According to a report published by Fitch Ratings on 28th June 2022:
“U.S. banks’ capital, liquidity and earnings have positioned them to weather what could be the beginning stages of stagflation, as the U.S. economy experiences inflation levels not seen since the early 1980s coupled with the potential for a sharp deceleration of real economic growth this year. Banks should be more resilient for a stressed macroenvironment, especially if short-lived, as capitalization levels are much stronger than during the stagflationary environments of the 1970s and early 1980s……Higher interest rates should theoretically benefit bank earnings, as net interest income should benefit from a rise in interest rates as bank assets typically reprice faster than liabilities.”
However, supply chain disruptions are not going to ease out in the near term, and will impact the economic growth to a large extent. Supply-chain bottlenecks that have spread throughout the globe, are going to determine how and where the businesses will finance their operations in the future. As this crisis makes less goods travel from one part of the world to another, the appetite for fresh loans slows down.
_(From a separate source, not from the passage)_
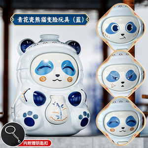 Guochao 青と白の磁器パンダの顔が変わる人形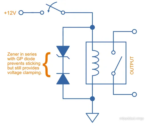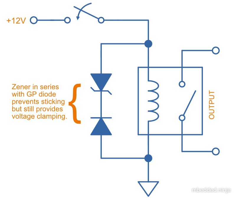 However, there are some drawbacks to using basic flyback diodes. On relay switch-off, the flyback diode decays the magnetic field of the coil far more slowly than if there was no flyback diode protection present. This causes the relay to take longer for the “clapper type” relay contacts to open. When relay contacts open, small “microwelds” occurs at the contact interface. Usually, the contacts are moving apart with enough force/velocity that these welds are easily broken. However, the slower open time with a flyback diode can cause the relay to “stick” — this is when the contacts become welded together and do not open43.

It also makes the existing asset quality of a bank inferior.
Due to loan moratoriums and other government support, banks have been able to overcome this crisis over the past two years, but slowly those supports are phasing out. In my opinion, banks can hardly find any solution to this supply chain crisis. Due to this, I am cautiously optimistic about the banking sector.
Russia’s invasion of Ukraine, supply chain disruptions, record-high inflation, and tightening monetary policy are expected to make the U.S. economy fragile for another year or two. In addition, the ripple effects from slower growth among all the major economies worldwide will create additional pressure on the U.S. banking industry. A mild recession or stagflation cannot be ruled out. And this expectation of a probable recession may impact the financial sector in multiple ways. The coming months will be driven by a rise in deposit rates and lower demand for fresh loans. This will result in a gradual decline in liquidity and net interest rate margin. BTO, thus, may have to face the problem of lower margin and concurrent revenues of those banks in the short run.
But John Hancock Financial Opportunities Fund has been consistent in generating strong total returns over the long-term. Long-term investors can thus hold their positions in BTO, as the fundamentals remain strong. In my opinion, the well-capitalized, diversified regional banks should weather the storms reasonably well. For the regional banks, capital ratios will converge with pre-pandemic levels, and mergers and acquisition (M&A) activities will spurge, which again will generate more value for their equity shares. Thus, the US banks will probably be able to tackle the temporary pressure on interest rate margin. Short term investors may wait for this stock to fall further, as lower income will probably hurt the yield.